### Work instructions
Copy every line from the records below that carries the word "Sarah".

### Material shown
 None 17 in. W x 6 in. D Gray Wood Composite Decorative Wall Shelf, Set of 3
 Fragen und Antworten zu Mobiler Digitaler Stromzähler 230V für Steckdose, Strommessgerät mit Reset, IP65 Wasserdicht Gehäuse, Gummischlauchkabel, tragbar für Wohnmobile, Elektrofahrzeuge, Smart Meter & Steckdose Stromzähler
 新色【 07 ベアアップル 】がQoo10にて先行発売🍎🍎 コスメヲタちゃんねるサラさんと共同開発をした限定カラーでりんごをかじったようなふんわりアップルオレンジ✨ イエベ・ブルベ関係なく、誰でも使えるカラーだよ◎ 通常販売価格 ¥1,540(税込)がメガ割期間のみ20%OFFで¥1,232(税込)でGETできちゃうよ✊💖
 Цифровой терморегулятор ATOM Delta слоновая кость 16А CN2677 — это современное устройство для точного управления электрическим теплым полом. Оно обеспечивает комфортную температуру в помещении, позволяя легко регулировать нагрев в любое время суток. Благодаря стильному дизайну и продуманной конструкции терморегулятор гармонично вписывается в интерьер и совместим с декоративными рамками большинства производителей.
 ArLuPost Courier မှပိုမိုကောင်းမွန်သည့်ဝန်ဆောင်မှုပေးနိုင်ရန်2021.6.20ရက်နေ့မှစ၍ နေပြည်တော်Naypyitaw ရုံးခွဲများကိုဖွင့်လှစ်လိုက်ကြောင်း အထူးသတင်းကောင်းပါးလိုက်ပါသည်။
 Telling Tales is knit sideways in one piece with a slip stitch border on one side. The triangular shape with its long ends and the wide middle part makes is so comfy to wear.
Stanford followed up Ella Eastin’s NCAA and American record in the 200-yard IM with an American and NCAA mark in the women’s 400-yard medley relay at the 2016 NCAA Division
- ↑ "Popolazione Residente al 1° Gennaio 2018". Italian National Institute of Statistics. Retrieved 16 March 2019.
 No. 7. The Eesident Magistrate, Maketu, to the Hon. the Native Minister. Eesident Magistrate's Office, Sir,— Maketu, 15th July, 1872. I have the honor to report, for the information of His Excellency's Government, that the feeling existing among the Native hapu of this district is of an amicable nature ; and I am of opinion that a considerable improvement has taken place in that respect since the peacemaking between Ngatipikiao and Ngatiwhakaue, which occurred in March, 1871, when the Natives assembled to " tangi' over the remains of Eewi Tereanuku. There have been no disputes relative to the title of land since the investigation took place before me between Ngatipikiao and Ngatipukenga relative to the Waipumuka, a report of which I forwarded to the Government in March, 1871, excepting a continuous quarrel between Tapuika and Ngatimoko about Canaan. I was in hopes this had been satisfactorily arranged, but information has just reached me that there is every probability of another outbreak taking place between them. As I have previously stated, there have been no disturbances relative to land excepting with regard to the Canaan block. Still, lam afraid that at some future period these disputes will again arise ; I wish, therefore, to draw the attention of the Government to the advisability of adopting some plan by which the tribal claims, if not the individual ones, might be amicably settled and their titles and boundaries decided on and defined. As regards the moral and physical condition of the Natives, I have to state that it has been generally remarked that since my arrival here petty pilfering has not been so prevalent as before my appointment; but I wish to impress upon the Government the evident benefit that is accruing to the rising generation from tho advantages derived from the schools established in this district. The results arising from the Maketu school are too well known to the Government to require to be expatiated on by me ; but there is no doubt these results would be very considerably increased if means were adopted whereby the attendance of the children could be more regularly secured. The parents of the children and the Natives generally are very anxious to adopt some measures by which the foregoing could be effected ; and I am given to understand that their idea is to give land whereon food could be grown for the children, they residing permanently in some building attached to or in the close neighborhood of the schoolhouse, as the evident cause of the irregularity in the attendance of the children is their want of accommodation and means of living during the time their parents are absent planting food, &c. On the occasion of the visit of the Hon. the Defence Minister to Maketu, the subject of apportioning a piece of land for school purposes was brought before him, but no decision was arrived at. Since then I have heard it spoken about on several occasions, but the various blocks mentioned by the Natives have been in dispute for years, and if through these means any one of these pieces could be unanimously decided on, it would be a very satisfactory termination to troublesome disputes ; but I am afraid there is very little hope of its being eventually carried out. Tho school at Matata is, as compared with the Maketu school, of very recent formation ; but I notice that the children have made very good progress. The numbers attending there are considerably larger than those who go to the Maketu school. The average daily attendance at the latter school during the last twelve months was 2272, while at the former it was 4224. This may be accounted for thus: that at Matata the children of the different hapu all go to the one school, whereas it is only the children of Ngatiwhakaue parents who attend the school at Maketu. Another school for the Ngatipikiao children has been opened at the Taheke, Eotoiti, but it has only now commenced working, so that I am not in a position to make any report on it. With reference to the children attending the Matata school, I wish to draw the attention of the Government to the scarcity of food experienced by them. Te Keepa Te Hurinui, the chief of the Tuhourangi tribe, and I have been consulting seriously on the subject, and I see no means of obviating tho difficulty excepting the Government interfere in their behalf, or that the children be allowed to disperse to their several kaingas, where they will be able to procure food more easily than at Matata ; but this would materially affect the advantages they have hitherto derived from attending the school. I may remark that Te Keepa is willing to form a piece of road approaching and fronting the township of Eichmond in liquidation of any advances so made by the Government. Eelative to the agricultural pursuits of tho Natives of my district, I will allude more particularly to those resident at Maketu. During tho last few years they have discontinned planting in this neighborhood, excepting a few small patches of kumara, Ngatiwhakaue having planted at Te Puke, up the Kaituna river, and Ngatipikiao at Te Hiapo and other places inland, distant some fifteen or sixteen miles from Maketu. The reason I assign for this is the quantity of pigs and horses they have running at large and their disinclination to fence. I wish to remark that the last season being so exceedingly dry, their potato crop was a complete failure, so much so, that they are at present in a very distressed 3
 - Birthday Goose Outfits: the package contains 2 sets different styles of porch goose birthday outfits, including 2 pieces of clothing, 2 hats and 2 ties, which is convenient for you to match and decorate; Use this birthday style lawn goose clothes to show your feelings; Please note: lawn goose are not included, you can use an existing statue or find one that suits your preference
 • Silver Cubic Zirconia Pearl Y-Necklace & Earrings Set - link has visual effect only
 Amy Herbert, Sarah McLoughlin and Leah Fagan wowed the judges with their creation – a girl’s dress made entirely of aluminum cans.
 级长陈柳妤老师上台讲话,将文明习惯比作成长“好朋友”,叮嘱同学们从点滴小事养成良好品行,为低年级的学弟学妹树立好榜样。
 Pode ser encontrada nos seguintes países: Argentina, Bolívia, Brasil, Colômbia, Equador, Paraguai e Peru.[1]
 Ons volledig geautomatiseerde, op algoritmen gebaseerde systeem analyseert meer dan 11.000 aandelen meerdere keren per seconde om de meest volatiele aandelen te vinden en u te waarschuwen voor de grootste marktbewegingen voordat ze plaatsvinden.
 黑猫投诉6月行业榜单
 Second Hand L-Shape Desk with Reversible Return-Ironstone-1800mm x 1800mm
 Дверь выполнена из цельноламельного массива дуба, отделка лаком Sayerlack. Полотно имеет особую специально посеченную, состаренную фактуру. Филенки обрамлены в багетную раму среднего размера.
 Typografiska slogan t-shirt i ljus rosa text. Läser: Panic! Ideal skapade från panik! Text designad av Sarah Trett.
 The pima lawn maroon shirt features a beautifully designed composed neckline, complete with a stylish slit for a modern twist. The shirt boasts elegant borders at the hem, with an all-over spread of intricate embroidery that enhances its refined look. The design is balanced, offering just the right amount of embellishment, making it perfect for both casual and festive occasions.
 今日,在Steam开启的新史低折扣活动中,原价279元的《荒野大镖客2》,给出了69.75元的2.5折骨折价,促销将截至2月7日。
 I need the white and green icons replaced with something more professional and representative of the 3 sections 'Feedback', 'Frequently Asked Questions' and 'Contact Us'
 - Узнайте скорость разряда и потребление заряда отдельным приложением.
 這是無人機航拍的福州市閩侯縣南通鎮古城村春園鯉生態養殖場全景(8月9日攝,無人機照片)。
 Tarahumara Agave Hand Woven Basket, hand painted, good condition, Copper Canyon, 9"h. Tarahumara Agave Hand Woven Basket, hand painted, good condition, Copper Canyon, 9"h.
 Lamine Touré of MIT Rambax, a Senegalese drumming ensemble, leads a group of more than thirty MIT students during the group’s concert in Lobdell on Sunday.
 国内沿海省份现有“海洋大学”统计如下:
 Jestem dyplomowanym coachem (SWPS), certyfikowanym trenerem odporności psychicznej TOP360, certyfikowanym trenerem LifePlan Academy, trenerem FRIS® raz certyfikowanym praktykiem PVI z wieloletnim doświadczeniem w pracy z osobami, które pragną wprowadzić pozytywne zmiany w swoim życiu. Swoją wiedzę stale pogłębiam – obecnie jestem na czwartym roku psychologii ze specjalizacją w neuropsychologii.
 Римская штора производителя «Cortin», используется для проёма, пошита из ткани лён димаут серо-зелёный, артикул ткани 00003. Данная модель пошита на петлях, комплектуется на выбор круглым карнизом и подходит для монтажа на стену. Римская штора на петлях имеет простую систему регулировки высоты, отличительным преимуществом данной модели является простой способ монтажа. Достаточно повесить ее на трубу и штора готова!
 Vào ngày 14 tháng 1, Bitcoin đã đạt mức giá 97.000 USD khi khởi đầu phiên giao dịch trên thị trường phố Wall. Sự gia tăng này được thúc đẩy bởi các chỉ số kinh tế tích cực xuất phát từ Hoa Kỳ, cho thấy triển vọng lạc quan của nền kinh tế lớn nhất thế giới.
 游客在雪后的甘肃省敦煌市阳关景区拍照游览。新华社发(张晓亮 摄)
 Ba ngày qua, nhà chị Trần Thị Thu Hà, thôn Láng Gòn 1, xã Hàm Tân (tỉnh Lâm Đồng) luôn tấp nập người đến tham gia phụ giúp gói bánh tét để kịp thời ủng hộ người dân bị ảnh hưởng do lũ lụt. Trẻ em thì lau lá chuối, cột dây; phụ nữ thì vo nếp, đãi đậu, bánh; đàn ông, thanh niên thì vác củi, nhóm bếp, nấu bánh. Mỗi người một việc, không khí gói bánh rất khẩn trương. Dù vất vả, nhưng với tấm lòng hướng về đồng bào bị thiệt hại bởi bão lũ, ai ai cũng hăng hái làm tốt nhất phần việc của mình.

### Exercise response
 Amy Herbert, Sarah McLoughlin and Leah Fagan wowed the judges with their creation – a girl’s dress made entirely of aluminum cans.
 Typografiska slogan t-shirt i ljus rosa text. Läser: Panic! Ideal skapade från panik! Text designad av Sarah Trett.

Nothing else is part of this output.